Shelbourne Sacks Joey O’Brien After Bohs Derby Defeat
The 3-0 scoreline on Monday night always felt like more than just another derby defeat. Today, Shelbourne confirmed it: Joey O’Brien is out as head coach, a little over a year after stepping into the top job.
The 40-year-old Dubliner, capped five times by the Republic of Ireland, leaves having overseen one of the club’s most significant recent chapters – and one of its most frustrating spells.
From assistant to title winner
O’Brien arrived at Tolka Park in the winter of 2021 as assistant, part of the backroom team that drove Shelbourne to League of Ireland glory in 2024. He was trusted, popular, and deeply embedded in the dressing room.
When Damien Duff walked away last June, the club turned to O’Brien as interim coach. The promotion felt natural. A month later, the “interim” tag disappeared and he became permanent manager.
He responded with tangible progress. Shelbourne reached the league phase of the UEFA Conference League under his watch and secured a third-place finish in the Premier Division last season, a return that put the club back on the European map and seemed to signal a longer-term project taking shape.
A season that never settled
That momentum has stalled. Badly.
This campaign has been a grind, with Shelbourne stuck in a muddled middle rather than mounting a serious push for Europe. After 22 games, they sit fifth, seven points adrift of third-placed Bohemians in the race for continental spots. Just seven wins from those 22 fixtures tell the story of a side that never quite clicked.

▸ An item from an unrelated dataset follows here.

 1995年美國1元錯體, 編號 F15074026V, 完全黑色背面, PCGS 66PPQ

Monday’s 3-0 home loss to Bohs cut deeper than most. A heavy defeat to a direct rival, at Tolka, in front of a restless support, stripped away any remaining illusions about where this team currently stands.
The pressure finally told. By Wednesday, the club and O’Brien had parted company.

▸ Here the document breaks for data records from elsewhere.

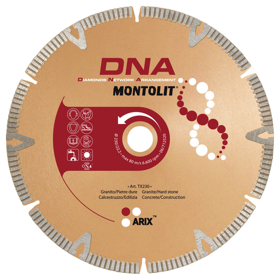 DNA-teknologi: en revolusjon innen produksjon av diamantblader. Alle diamantkorn har samme form og posisjon, det er like mange korn i hvert punkt på diamantringen. DNA-teknologi har funnet den mest gunstige plasseringen av kornene i diamantringen for hvert materialkuttet.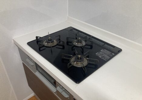 本日は、ガスコンロの交換。 現在は、システムキッチンを選ぶ際に標準仕様のプランに組み込まれるホーロー...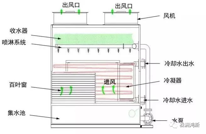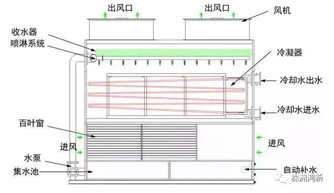 水滴在下降過程中還會遇到上升的空氣流,延緩了水粒的下降速度,從而延長了熱交換時間。 流體的熱量先傳給銅管內壁,再由內壁傳給銅管外壁,再又外壁傳給噴淋水膜,水膜和空氣形成飽和濕熱蒸汽,熱量由風機排入大氣,一部分水滴被收水器回收,減少噴淋水損失。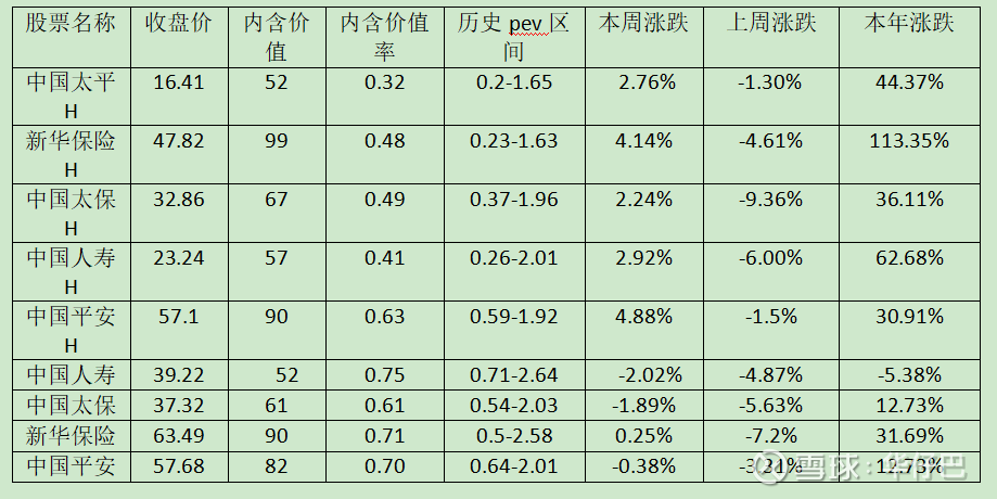本周H股保险股均大涨,A股基本是以下跌为主,还是延续本年度以来的整体H股涨幅大于A股的表现,H股涨幅最好的是新华保险H,涨幅最差的是中国平安H,H股内含价值率最高的是中国平安H,最低的是中国太平H;A股涨幅最好的依然是新华保险,涨幅最差的是中国人寿,是两市中唯一一支年内下跌

Club thanks and a quick handover
In a statement confirming his departure, Shelbourne thanked O’Brien for “the huge contribution he has made to the club” and wished him “the very best for his future endeavours.” It was a formal farewell, but one underpinned by genuine appreciation for a coach who helped deliver a title and European football.
There is no long interregnum. The Under-20s head coach, Lorcan Fitzgerald, steps up as interim boss, charged with steadying a season that still has something to play for, but far less margin for error.
His first assignment is immediate and unforgiving: a trip to ninth-placed Sligo Rovers at the Showgrounds on Saturday. On paper, it’s a chance to reset against struggling opposition. In reality, it’s a litmus test.
Shelbourne have made their decision. Now the question is whether this change on the touchline comes in time to salvage their European ambitions, or simply marks the start of another rebuild at Tolka Park.